Using set command in the CLI or Beeline for setting session level values.
```
set hive.root.logger=DEBUG,console;
```
Using the –hiveconf option of the hive command (in the CLI) or beeline command for the entire session.
```
bin/hive --hiveconf hive.root.logger=DEBUG,console
```
Using config files in $HIVE_CONF_DIR or in the classpath for setting values.
- In hive-site.xml, setting values for the entire Hive configuration.
```
  <property>
    <name>hive.root.logger</name>
    <value>DEBUG,console</value>
    <description>Root logger</description>
  </property>
```
- In server-specific configuration files. You can set metastore-specific configuration values in hivemetastore-site.xml and HiveServer2-specific configuration values in hiveserver2-site.xml.

Deploy Practice

Using following steps to start a Hive Metastore service.

1. Requirements

Java
Hadoop 2.x (preferred), 1.x (not surpported by Hive 2.0.0 onward).
Hive is commonly used in production Linux and Windows environment.
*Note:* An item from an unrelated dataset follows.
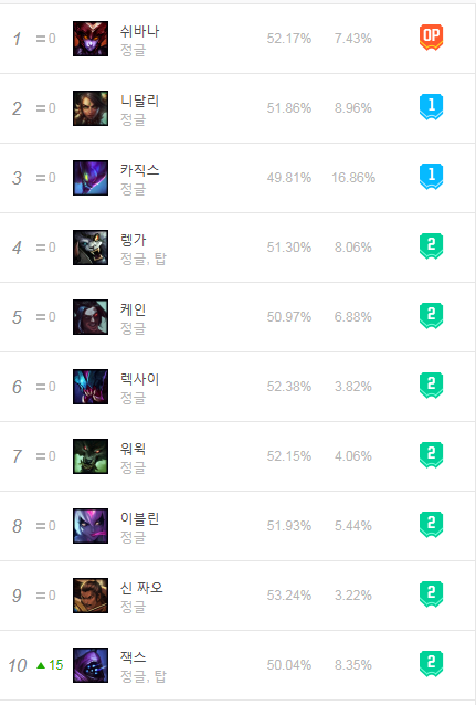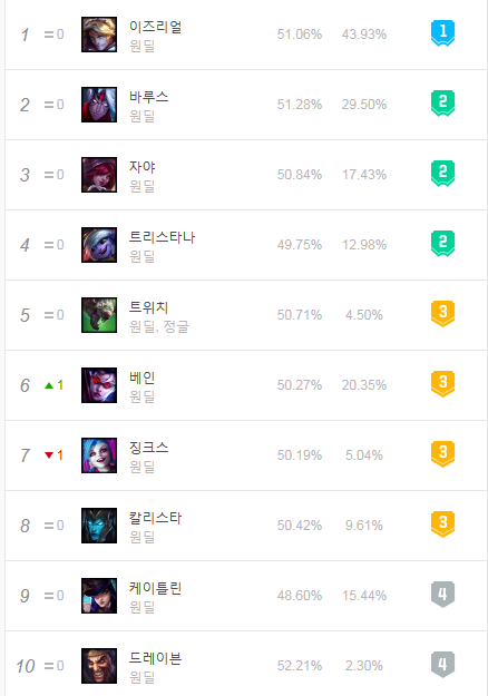 롤 라인별 OP챔프 목록 (ver8.3, 2/16일 기준)rubben (25)in #lol • 8 years ago 라인별 OP챔프 목록입니다. 보통 픽률 10%상회하면서 승률51%이상이면 대세챔프라고 봐도 무방하죠. TOP JUNGLE MID BOT AD BOT SUP (사진출처: op.gg) #leagueoflegend #champion #faker #lck

Mac is a commonly used development environment.

2. Get Hive tarball and unpack
There are two methods to get the hive tarball:

Download from hive stable release.

Compile from resources:

# hive 1.0
mvn clean package -DskipTest -Phadoop-1,dist
# hive 2.0 and onward
mvn clean package -DskipTest -Pdist

Unpack hive tar ball and set HIVE_HOME and HIVE_CONF_DIR (optional):

tar zxf hive-x.y.z.tar.gz
export HIVE_HOME=/path/to/hive
export PATH=$HIVE_HOME/bin:$PATH

3. Start metastore service
Hive uses hadoop, so must have hadoop in your path:

export HADOOP_HOME=<hadoop-install-dir>
export HADOOP_CONF_DIR=<hadoop-conf-dir>

In addition, you must use below HDFS commands to create /tmp and /user/hive/warehouse (aka hive.metastore.warehouse.dir) and set them chmod g+w before you can create a table in Hive.

$HADOOP_HOME/bin/hadoop fs -mkdir       /tmp
$HADOOP_HOME/bin/hadoop fs -mkdir       /user/hive/warehouse
$HADOOP_HOME/bin/hadoop fs -chmod g+w   /tmp
$HADOOP_HOME/bin/hadoop fs -chmod g+w   /user/hive/warehouse

Init database schema if you start metastore service for the first time:

$HIVE_HOME/bin/schematool -initSchema -dbType mysql

Then start hive metastore service:

nohup $HIVE_HOME/bin/hive --service metastore --hiveconf hive.log.file=hivemetastore.log --hiveconf hive.log.dir=/var/log/hive > /var/log/hive/hive.out 2> /var/log/hive/hive.err &

4. Smoke test hive

Open hive command line shell:

$HIVE_HOME/bin/hive [--hiveconf hive.metastore.uris=thrift://<host>:<port>]

Run sample commands:

show databases;create table test(col1 int, col2 string); show tables;

For convenience, we provide a docker tool to start a tiny hive metastore service, please refer to hadoop-docker.